> _MATERIAL SHOWN_
-.-.-
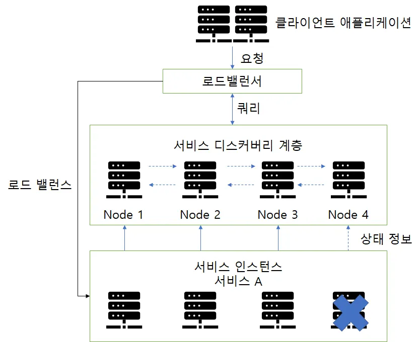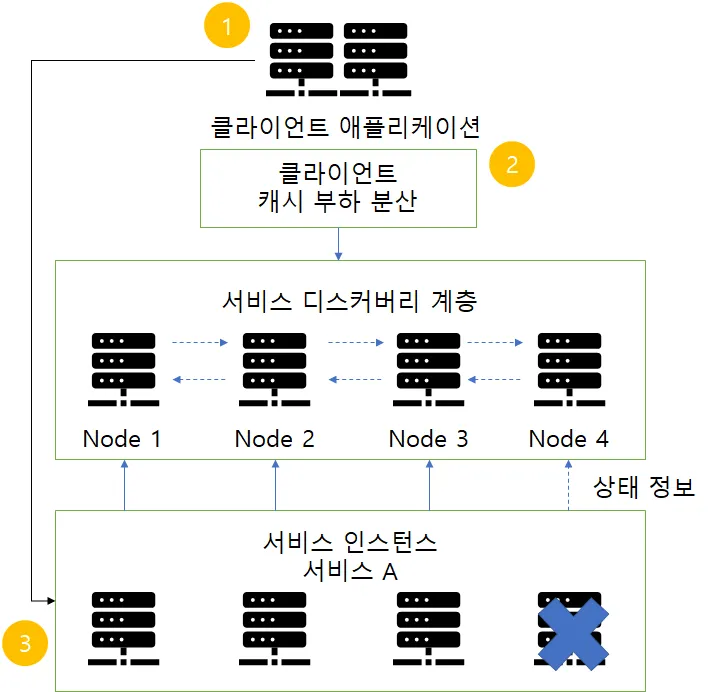 : 서비스 디스커버리 클러스터의 각 노드는 서비스 인스턴스 상태를 공유한다.
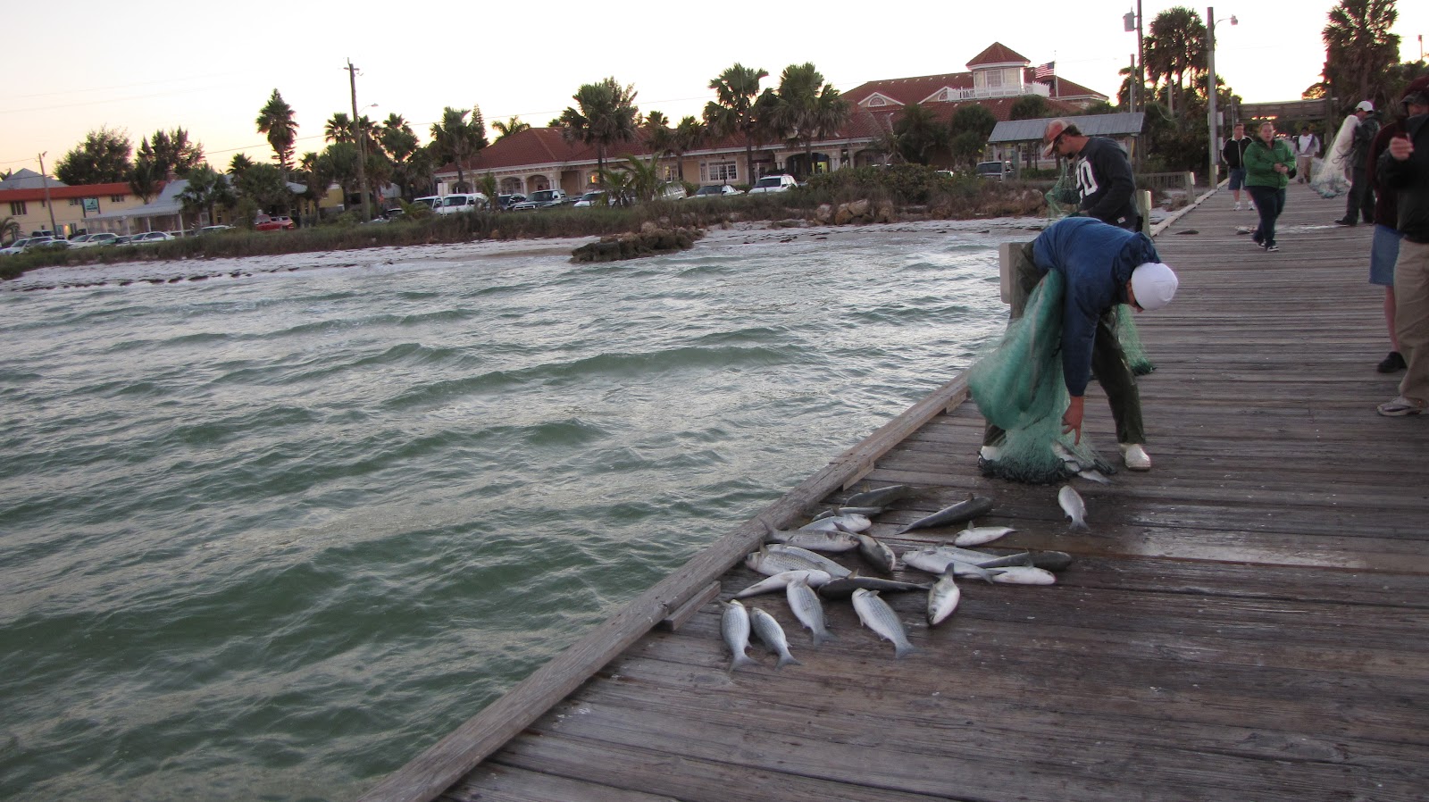 | People catch a lot of fish on the Rod and Reel Pier, Anna Maria, Florida. [They said they would sell those Mullet to us by $1.00/pound. I thought that's a good deal.] |
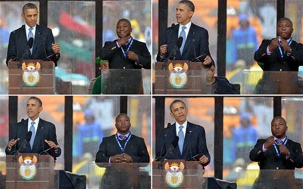 【台灣醒報記者邱慕天綜合報導】全球矚目的曼德拉追思會受到媒體緊盯,後續風波不斷。不僅美國總統歐巴馬與丹麥女總理舒密特調情自拍的畫面在網路瘋傳,大批現場民眾不耐久坐提前退席的騷亂也出了國際洋相,現在更傳出在台上與歐巴馬貼身的南非手語傳譯員也是個冒牌貨,並自稱有「幻覺」和「精神分裂」。此事不僅讓國際維安捏了一把冷汗,更讓南非國際形象重創。
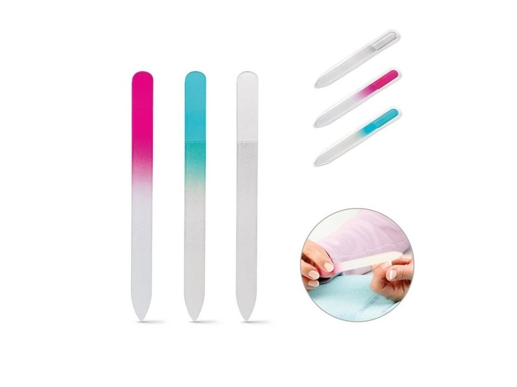 Skleněný pilník 14cm mix barev - oboustranný, vhodný pro manikúru i pedikúru
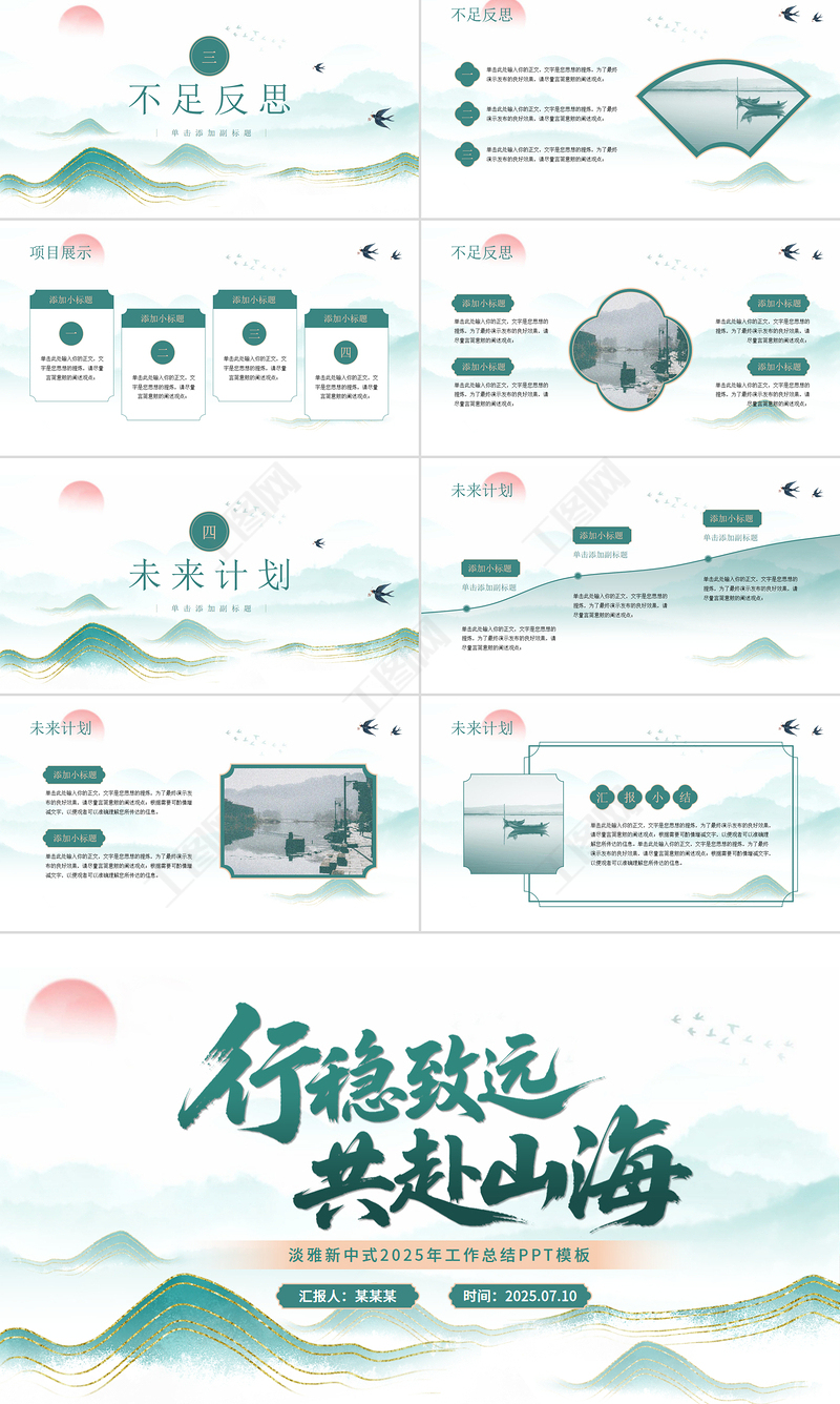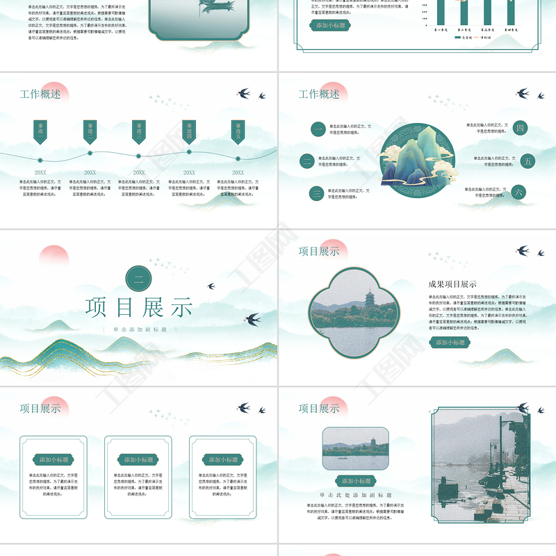 2024鈷綠色折紙底紋工作總結工作匯報PPT模板包含
-.-.-
> _EXERCISE DETAILS_
Take every record and copy it word for word, dropping the pictures.

> _EXPECTED ANSWER_
 : 서비스 디스커버리 클러스터의 각 노드는 서비스 인스턴스 상태를 공유한다.
 | People catch a lot of fish on the Rod and Reel Pier, Anna Maria, Florida. [They said they would sell those Mullet to us by $1.00/pound. I thought that's a good deal.] |
 【台灣醒報記者邱慕天綜合報導】全球矚目的曼德拉追思會受到媒體緊盯,後續風波不斷。不僅美國總統歐巴馬與丹麥女總理舒密特調情自拍的畫面在網路瘋傳,大批現場民眾不耐久坐提前退席的騷亂也出了國際洋相,現在更傳出在台上與歐巴馬貼身的南非手語傳譯員也是個冒牌貨,並自稱有「幻覺」和「精神分裂」。此事不僅讓國際維安捏了一把冷汗,更讓南非國際形象重創。
 Skleněný pilník 14cm mix barev - oboustranný, vhodný pro manikúru i pedikúru
 2024鈷綠色折紙底紋工作總結工作匯報PPT模板包含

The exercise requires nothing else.